Alice Randall is a successful novelist and country music songwriter living in Nashville, but when she turned 50, she asked herself a tough question—How did I get to weigh over 225 pounds?
“And how did I not notice that four-fifths of all black women in America were seriously overweight, like me?” Randall said.
Randall was a skinny child. She grew up in Detroit where she listened to Joe Tex’s song “Skinny Legs And All.” A line in that song goes, “Some man, somewhere, will take you, baby—skinny legs and all.”
“This song gave me a kind of anxiety about whether or not I would be perceived of as attractive,” Randall said.
Randall was also a skinny undergraduate at Harvard, where she took a course on high tea with Julia Child. She baked scones and Madeleines for credit. She estimates she weighed 109 pounds.
“So, it wasn’t until I was about 37-years-old that I ever began to have a serious weight problem,” Randall said.
Randall says that was the same year she remarried.
“My second husband truly embraced his rural, Southern, black roots. And he was absolutely down for his wife and the gorgeousness of big curves.” Randall said.
Randall herself looked up to her grandmother who, Randall says, “was big as three houses.”
“And so my idea of the quintessential beautiful woman, and the quintessentially powerful woman, is that large, black grandmother,” Randall said.
When Randall became overweight herself she liked it. “Because I felt big and strong,” Randall said.
But she worried about the example she was setting for her daughter. “I thought if I stayed that big, when she wanted to be big and strong, she would want to be like me,” Randall said. “And I knew that that wasn’t as healthy as it could be.”
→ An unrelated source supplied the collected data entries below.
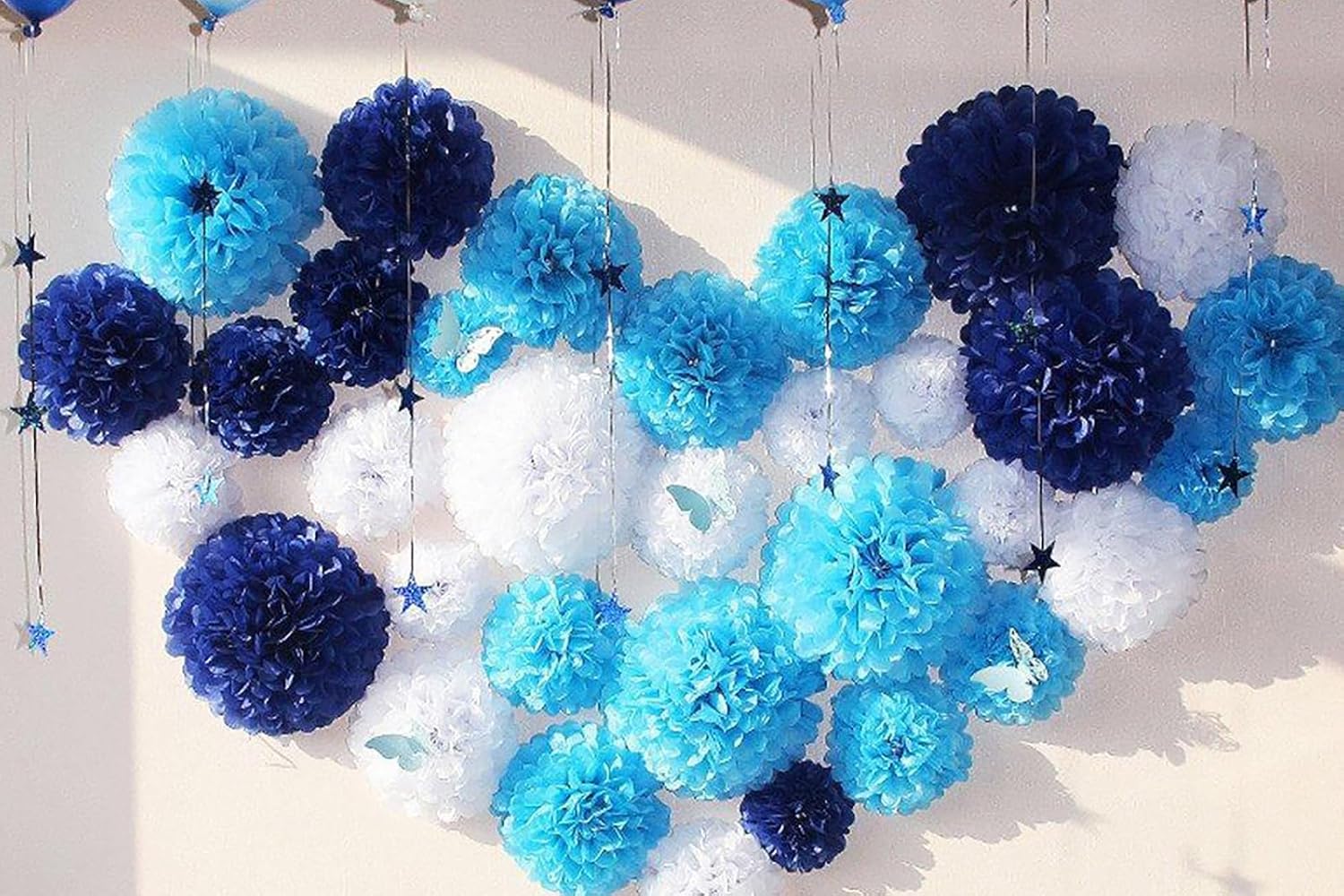 • PAPER FLOWER POM POMS Used in lieu of balloons, for they are more lightweight. They can be scattered as dessert table decor, or placed in vases as unique centerpieces. You can create a wonderful backdrop for your family or friends with it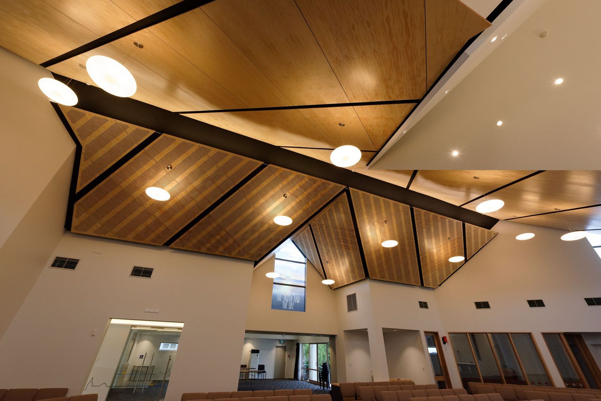 ArchiPro Project Summary - St Marys Church, the world's first church to achieve a Green Star rating, features an intricate steel framework, precast concrete walls, and a sophisticated layout of acoustic plywood ceiling panels, rebuilt after the Christchurch earthquakes.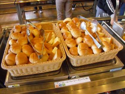 朝食は,バイキング形式です。パンかご飯かを自分で選んで食べます。何度もおかわりに行く児童も数多くいました。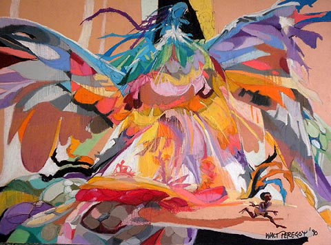 Animation legend Walt Peregoy (background painter on Sleeping Beauty and Paul Bunyan, color stylist of 101 Dalmatians, and background stylist on Scooby Doo, Where Are You!), who gained some notoriety earlier this year with this unfiltered interview, is having a show of his fine art this Friday, August 5. The reception for “The Little Man in My Head” will take place between 7 and 10pm at the Gallery 839 at the Animation Guild (1105 N. Hollywood Way, Burbank, CA 91505).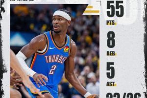 本場(chǎng)比賽,雷霆當(dāng)家球星亞歷山大一展雙MVP風(fēng)采,攻防俱佳,戰(zhàn)力十足,末節(jié)&加時(shí)頻頻取分,砍下生涯新高的55分&罰球數(shù)生涯新高26記,同時(shí)成為本賽季全聯(lián)盟首位50分先生!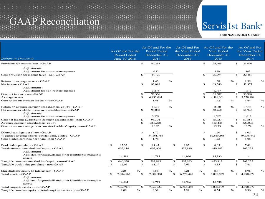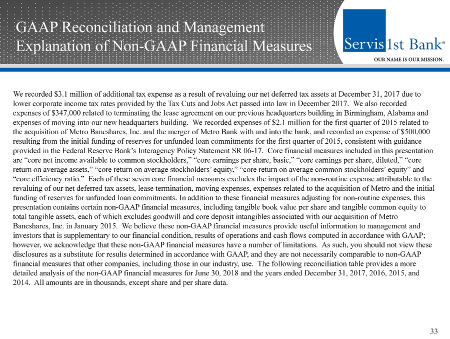 GAAP Reconciliation and Management Explanation of Non - GAAP Financial Measures 33 We recorded $3.1 million of additional tax expense as a result of revaluing our net deferred tax assets at December 31, 2017 due to lower corporate income tax rates provided by the Tax Cuts and Jobs Act passed into law in December 2017. We also recorded expenses of $347,000 related to terminating the lease agreement on our previous headquarters building in Birmingham, Alabama and expenses of moving into our new headquarters building. We recorded expenses of $2.1 million for the first quarter of 2015 re lat ed to the acquisition of Metro Bancshares, Inc. and the merger of Metro Bank with and into the bank, and recorded an expense of $50 0,0 00 resulting from the initial funding of reserves for unfunded loan commitments for the first quarter of 2015, consistent with g uid ance provided in the Federal Reserve Bank’s Interagency Policy Statement SR 06 - 17. Core financial measures included in this presenta tion are “core net income available to common stockholders,” “core earnings per share, basic,” “core earnings per share, diluted,” “c ore return on average assets,” “core return on average stockholders’ equity,” “core return on average common stockholders’ equity ” a nd “core efficiency ratio.” Each of these seven core financial measures excludes the impact of the non - routine expense attributabl e to the revaluing of our net deferred tax assets, lease termination, moving expenses, expenses related to the acquisition of Metro an d t he initial funding of reserves for unfunded loan commitments. In addition to these financial measures adjusting for non - routine expenses, t his presentation contains certain non - GAAP financial measures, including tangible book value per share and tangible common equity to total tangible assets, each of which excludes goodwill and core deposit intangibles associated with our acquisition of Metro Bancshares, Inc. in January 2015. We believe these non - GAAP financial measures provide useful information to management and investors that is supplementary to our financial condition, results of operations and cash flows computed in accordance with GAA P; however, we acknowledge that these non - GAAP financial measures have a number of limitations. As such, you should not view these disclosures as a substitute for results determined in accordance with GAAP, and they are not necessarily comparable to non - GAAP financial measures that other companies, including those in our industry, use. The following reconciliation table provides a mo re detailed analysis of the non - GAAP financial measures for June 30, 2018 and the years ended December 31, 2017, 2016, 2015, and 2014. All amounts are in thousands, except share and per share data.

Randall says she had a problem with not exercising. “Which I think does go back, in the black context, to this issue of complexities about having my physical labor, or the physical labor of my family members, exploited historically,” Randall said.
Randall started exercising. She started eating sweet potatoes, almonds and yogurt, and drinking more water, and she did what she does best—she wrote a novel.
“I wrote the book I wanted to read when I was trying to get under 200 pounds,” Randall said.
Ada’s Rules: A Sexy Skinny Novel is about a black preacher’s wife who is trying to lose 100 pounds in preparation for her 25-year college reunion and, perhaps, an affair. If you’re interested in making healthy life-style changes with the novel, click here.
“Because the numbers are depressing, the numbers are debilitating, the numbers will freeze you,” Randall said. “But we’ve got to get past the numbers. We’ve got to get to the spirit.”